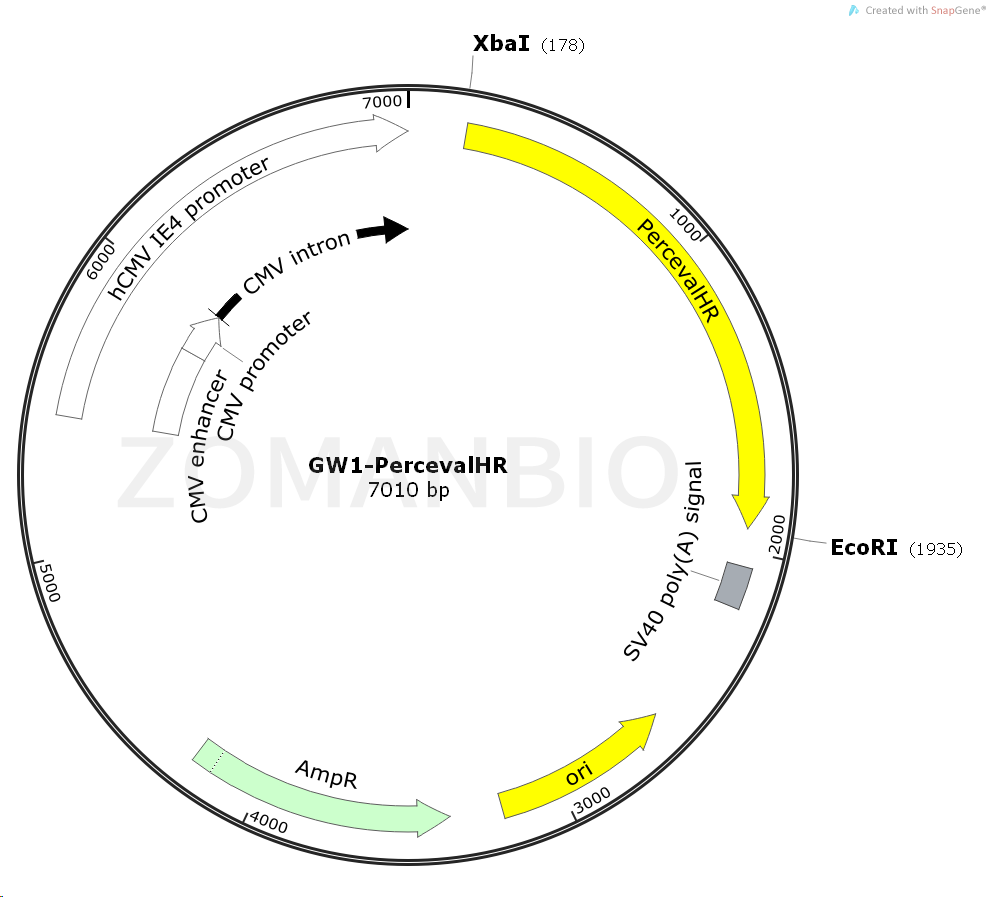 GW1-PercevalHR質(zhì)粒通過hCMV IE4 啟動子驅(qū)動PercevalHR基因的表達,Mammalian expression vector (CMV promoter) of PercevalHR, a fluorescent sensor of ATP-to-ADP ratio.
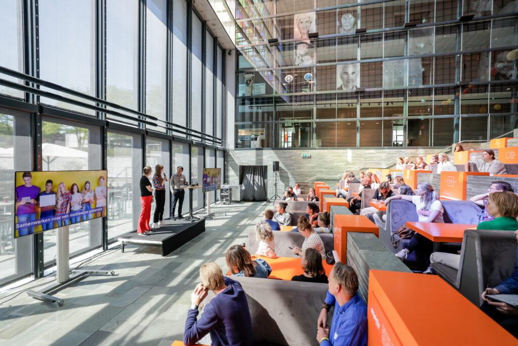 Tijdens de programmalijn Samen rondom het kind staat de vraag centraal hoe we kinderen – van jonge leerlingen tot pubers – samen kunnen begeleiden in hun digitale ontwikkeling. In een fijne en betrokken sfeer trappen moderator Freek Zwanenberg en daggast Ben Hammer het plenaire deel af, samen met sprekers Susanne Lolkema (Bibliotheek Utrecht) en Jacotien Visser (Gemeente Utrecht).
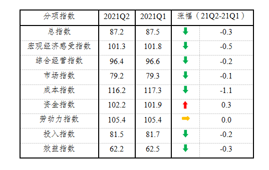分项指数1升1平6降。如下表所示,资金指数继续上升,劳动力指数止跌转平,宏观经济感受指数由升转降,成本指数继续下降,这4项指数一并保持在景气临界值100以上;综合经营指数、市场指数、投入指数和效益指数均比上季度有所下降,且仍处于景气临界值100以下,效益指数仍然处于最低位。
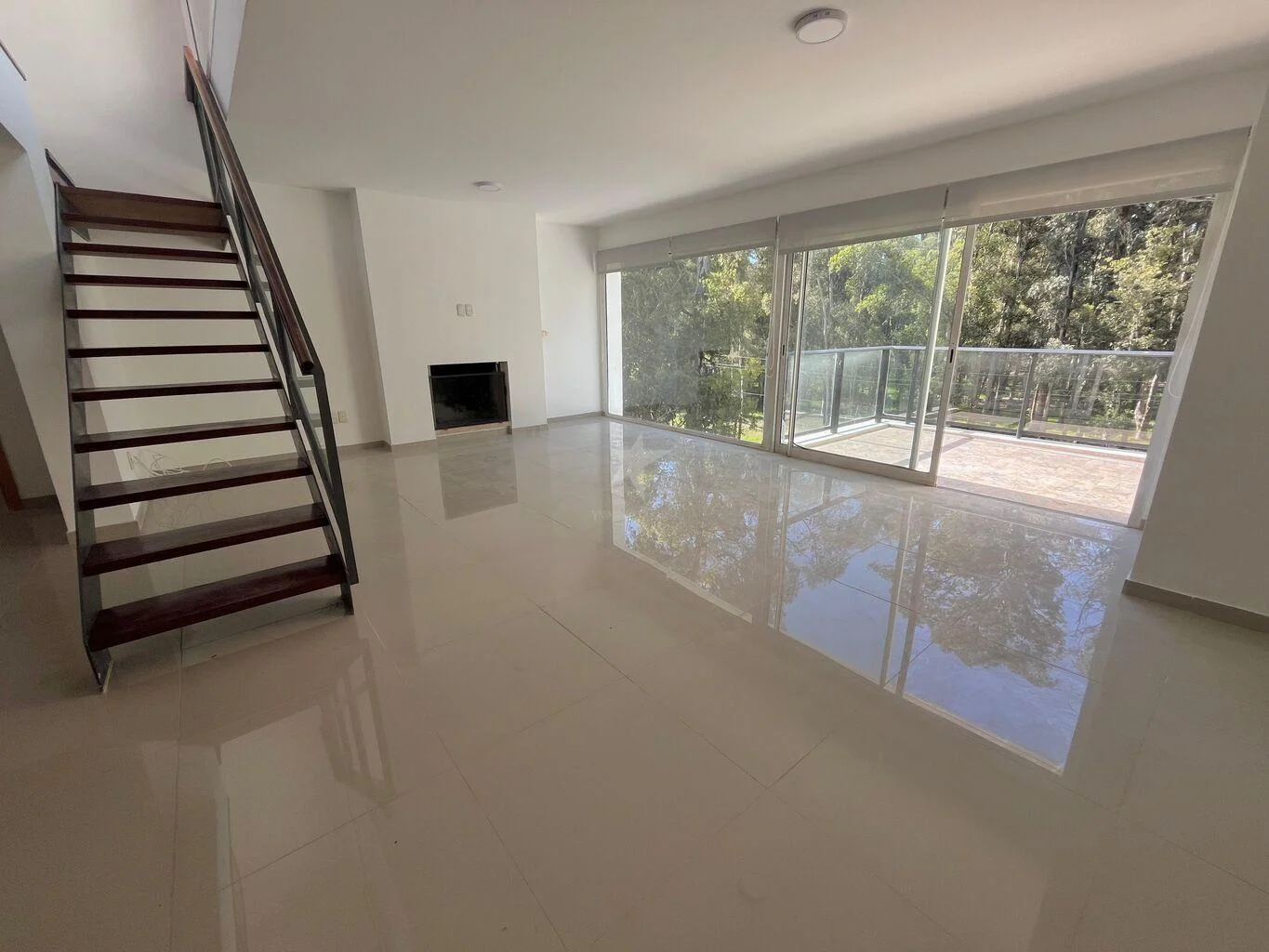 Planta alta gran estar con aire acondicionado y salida a gran terraza con parrillero y vista al lago.
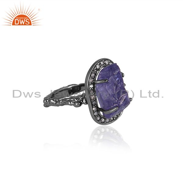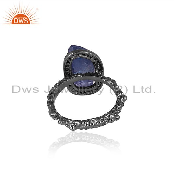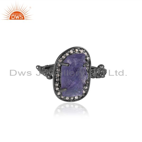 Diamond And Tanzanite Black On Silver Abstract Design Ring
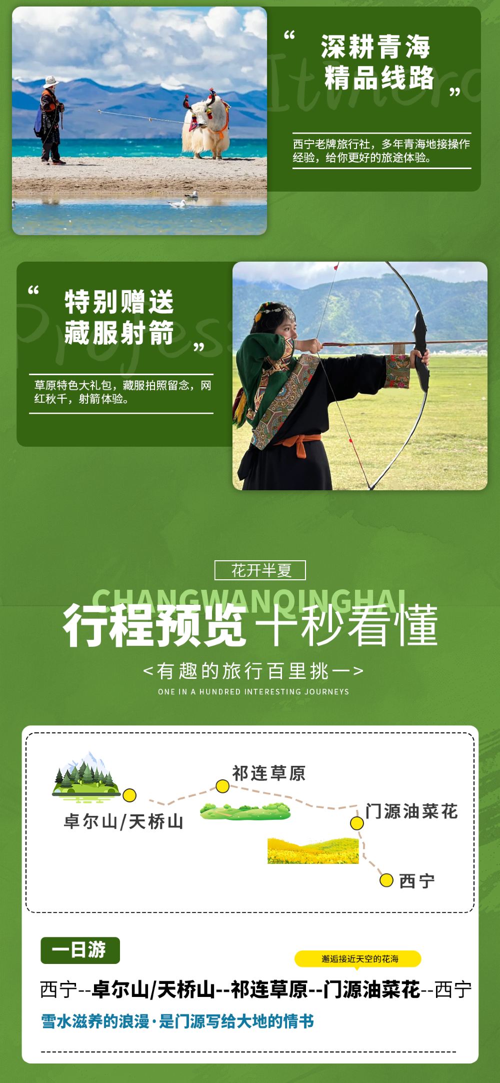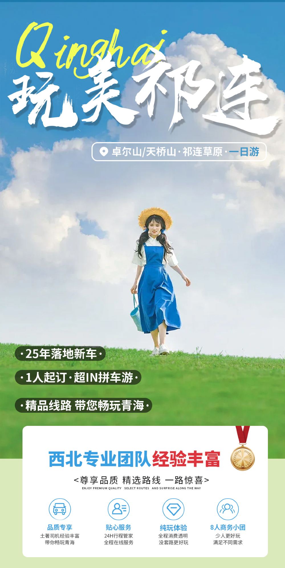 青海西宁+岗什卡雪峰+祁连山草原+卓尔山或天桥山一日游【8人团25年落地新车】
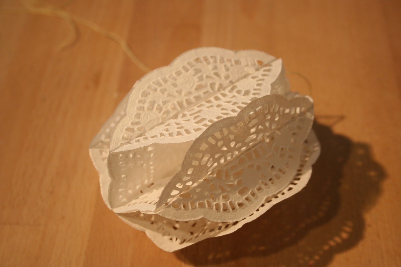 и приклеиваем ажурные стороны вместе , получается красивый нежный фонарик
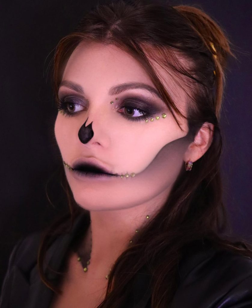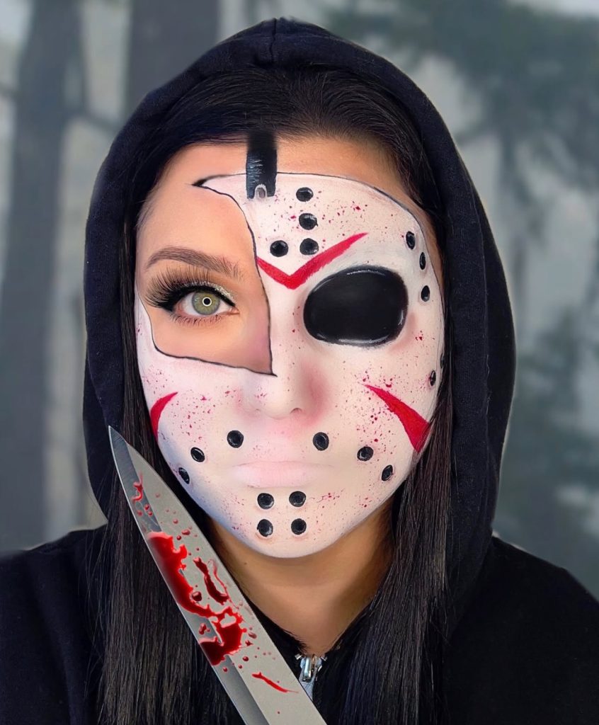 This daring idea is most suitable with women who have something out there and a touch of makeup. The shape fits oval or angular face types and medium or fair skin. Paint white cream color, darken with some black shadow and add some fake blood. Then combine it with a hoodie and you become a legend.
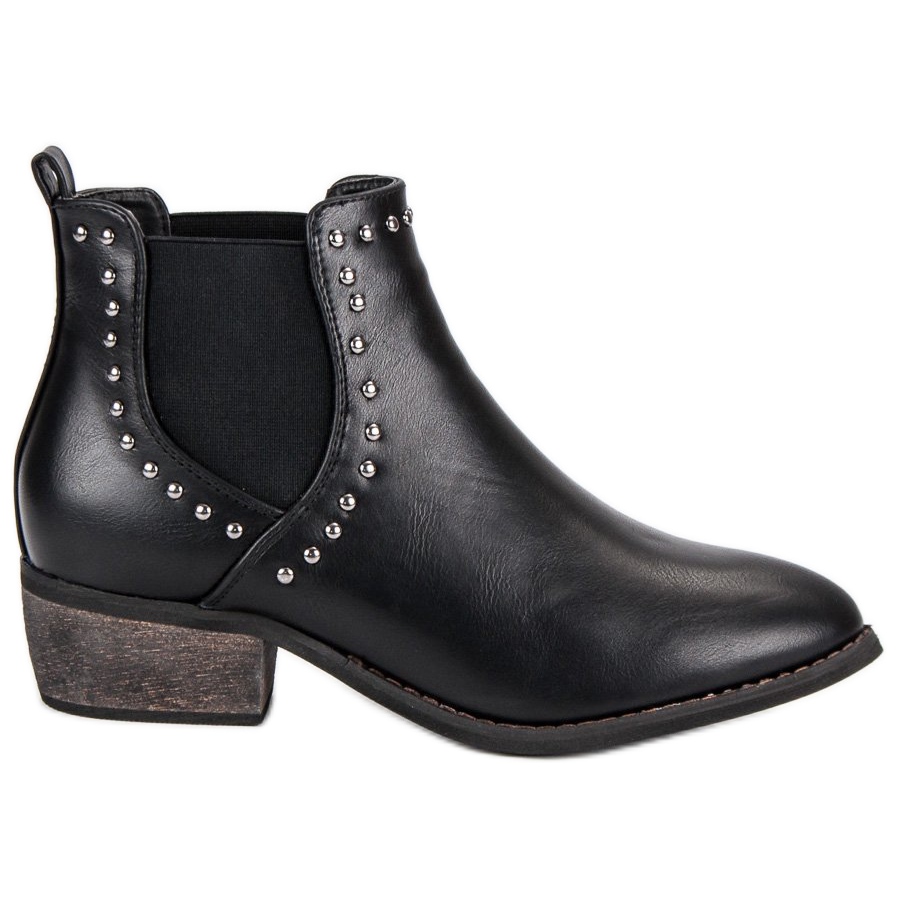 Black Sweet Shoes Chelsea-stövlar är ett perfekt val för varje kvinna som vill lägga till lite karaktär till sin avslappnade outfit. Dessa iögonfallande skor kännetecknas av sin unika design som säkerligen kommer att locka uppmärksamhet. Dekorationer i form av dubbar ger dem en unik, moderiktig accent, vilket gör dem perfekta för både vardagsbruk och helgutflykter.
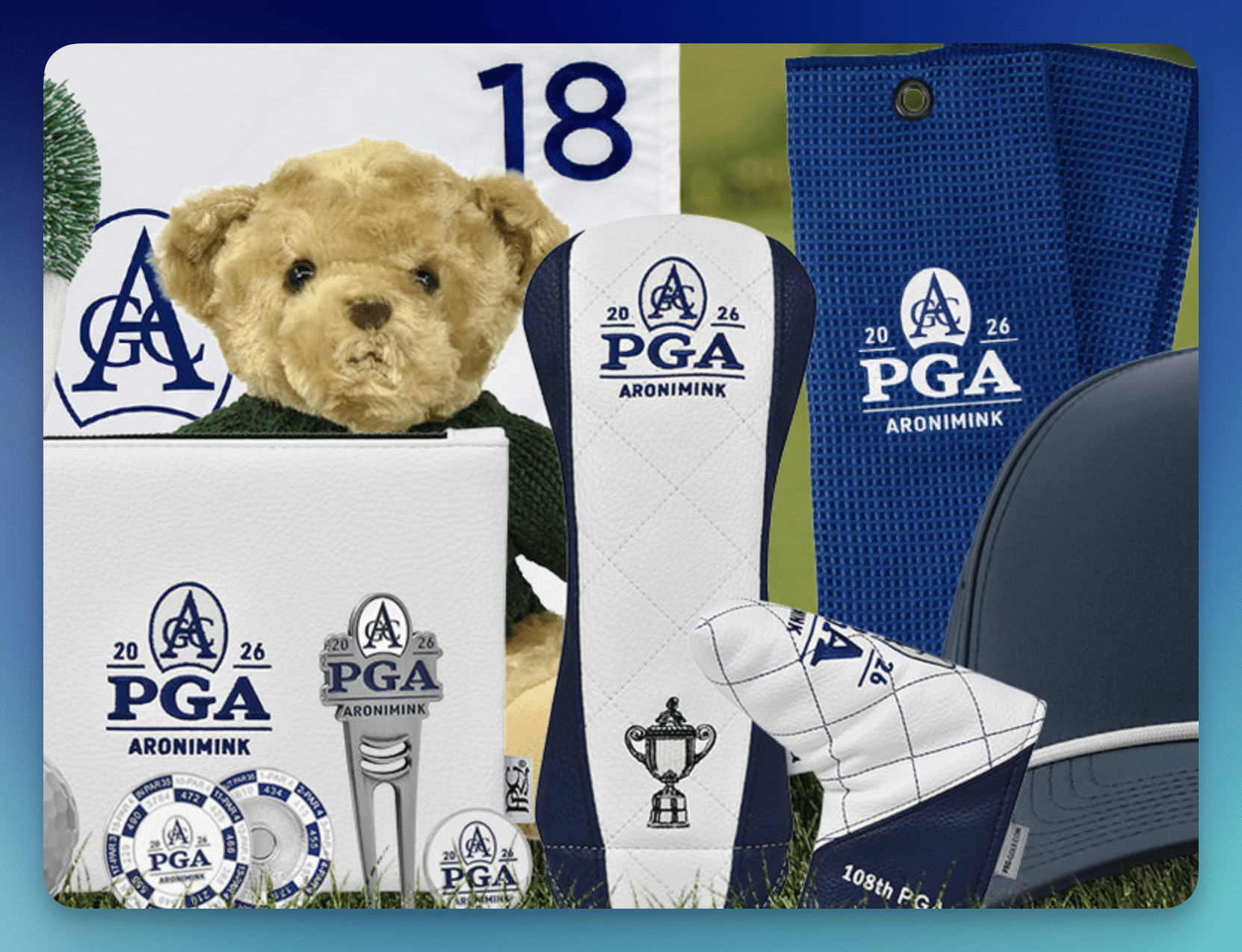 - (1) winner will receive a 2026 PGA Championship accessories bundle including a divot tool and ball marker set, plush bear, zip top pouch, quilted driver, blade, and rescue covers, pom headcover, embroidered microscrubber towel, bespoke bag tag, yardage duo ball marker, 4-piece ball marker set, embroidered pin flag, ProV1 3-pack golf ball sleeve, and an Eagle Performance Rope Hat, ARV $526
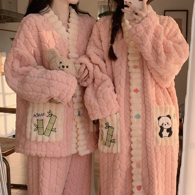 かわいいベアーの頭2023の新しいフランネルのパジャマの女性の秋冬の丸首はゆったりしていて厚い保温の部屋の服です。

_ _ _ _ _ _ _

### TRY IT
Write each line exactly as it appears, from the line that holds "Black Sweet Shoes" through the closing line of the data above, and leave every picture out.

### WRITTEN SOLUTION
 Black Sweet Shoes Chelsea-stövlar är ett perfekt val för varje kvinna som vill lägga till lite karaktär till sin avslappnade outfit. Dessa iögonfallande skor kännetecknas av sin unika design som säkerligen kommer att locka uppmärksamhet. Dekorationer i form av dubbar ger dem en unik, moderiktig accent, vilket gör dem perfekta för både vardagsbruk och helgutflykter.
 - (1) winner will receive a 2026 PGA Championship accessories bundle including a divot tool and ball marker set, plush bear, zip top pouch, quilted driver, blade, and rescue covers, pom headcover, embroidered microscrubber towel, bespoke bag tag, yardage duo ball marker, 4-piece ball marker set, embroidered pin flag, ProV1 3-pack golf ball sleeve, and an Eagle Performance Rope Hat, ARV $526
 かわいいベアーの頭2023の新しいフランネルのパジャマの女性の秋冬の丸首はゆったりしていて厚い保温の部屋の服です。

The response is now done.